Program received signal SIGINT, Interrupt.
[Switching to Thread 47139247271856 (LWP 13395)]
0x00002adf761c4e50 in ?? () from /usr/lib64/libcuda.so
(cuda-gdb) where
#0 0x00002adf761c4e50 in ?? () from /usr/lib64/libcuda.so
#1 0x00002adf761ae313 in ?? () from /usr/lib64/libcuda.so
#2 0x00002adf761adf8a in ?? () from /usr/lib64/libcuda.so
#3 0x00002adf7619c6b8 in ?? () from /usr/lib64/libcuda.so
#4 0x00002adf76192e26 in ?? () from /usr/lib64/libcuda.so
#5 0x00002adf761e66bf in ?? () from /usr/lib64/libcuda.so
#6 0x00002adf75f541a7 in ?? () from /usr/local/cuda/lib/libcudart.so.2
#7 0x00002adf75f43742 in cudaLaunch () from /usr/local/cuda/lib/libcudart.so.2
#8 0x00000000004011dd in cudaLaunch (…)
#9 0x0000000000400c2d in _device_stub__Z12MatMulKernel6MatrixS_S (
__par0=@0x7fff34b9a3f0, __par1=@0x7fff34b9a408, __par2=@0x7fff34b9a420)
at /tmp/tmpxft_00001ceb_00000000-1_tx_cuda_matmul.cudafe1.stub.c:13
#10 0x0000000000400c45 in MatMulKernel__entry (__cuda_0=
{width = 2, height = 2, stride = 2, elements = 0x1000700}, __cuda_1=
{width = 2, height = 2, stride = 2, elements = 0x1000800}, __cuda_2=
{width = 2, height = 2, stride = 2, elements = 0x1000900})

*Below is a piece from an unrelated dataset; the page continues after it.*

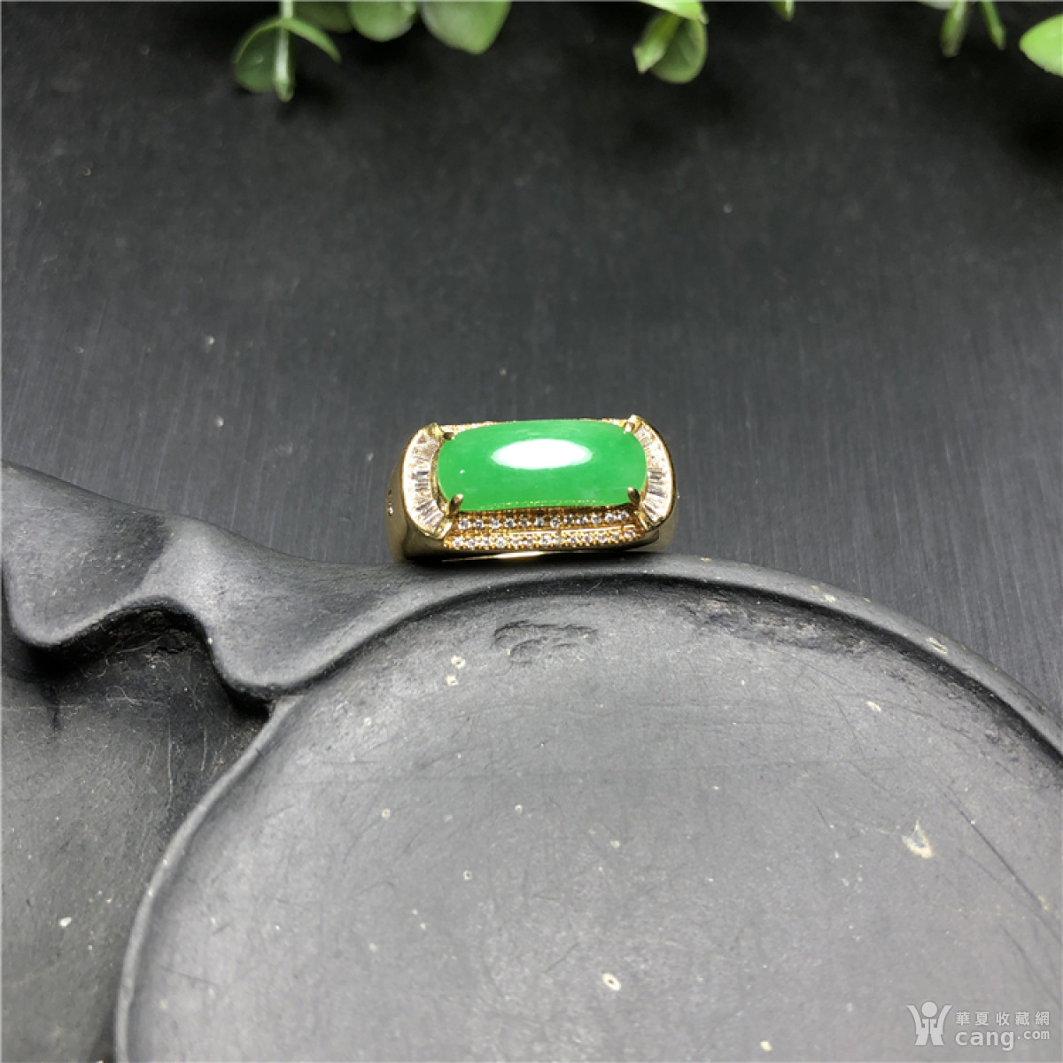 I099天然A货 18金伴钻镶老坑种满绿翡翠马鞍戒指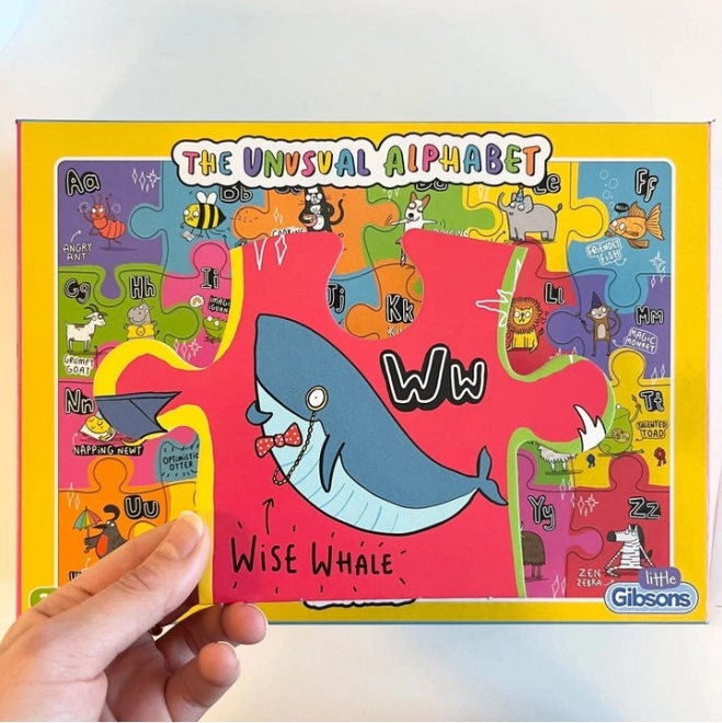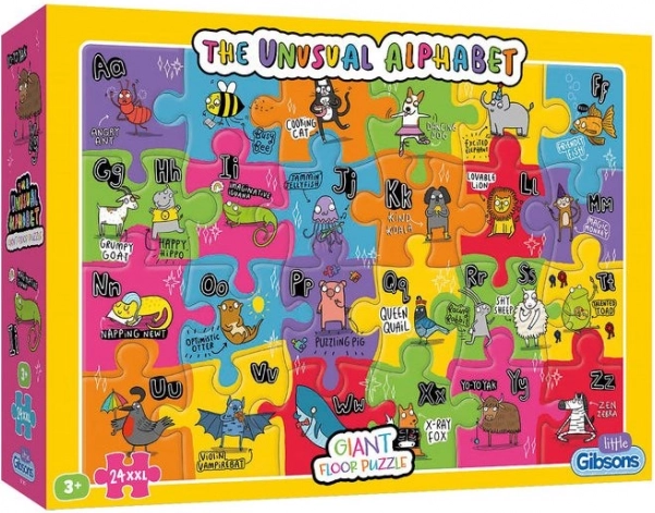 Entdecken Sie die Welt der Buchstaben und Tiere mit dem Gibsons Puzzle Unkonventionelles Alphabet. Das perfekte Lernspiel, das Lernen und Spielen verbindet. Jedes Teil ist groß genug (14 x 19 cm), um leicht gegriffen zu werden, und ist mit farbenfrohen Bildern verziert.

at /tmp/tmpxft_00001ceb_00000000-1_tx_cuda_matmul.cudafe1.stub.c:17
#11 0x0000000000400fc5 in MatMul (A=
{width = 2, height = 2, stride = 2, elements = 0x5f351e0}, B=
{width = 2, height = 2, stride = 2, elements = 0x5f35200}, C=
{width = 2, height = 2, stride = 2, elements = 0x5f35220})
at …/…/src/tx_cuda_matmul.cu:77
#12 0x0000000000401125 in main (argc=1, argv=0x7fff34b9a6a8)
at …/…/src/tx_cuda_matmul.cu:167
(cuda-gdb)

Before I upgraded the system to the CUDA 2.3 beta, it was running the CUDA 2.2 beta, and the debugger was working OK.

Any ideas what the problem might be?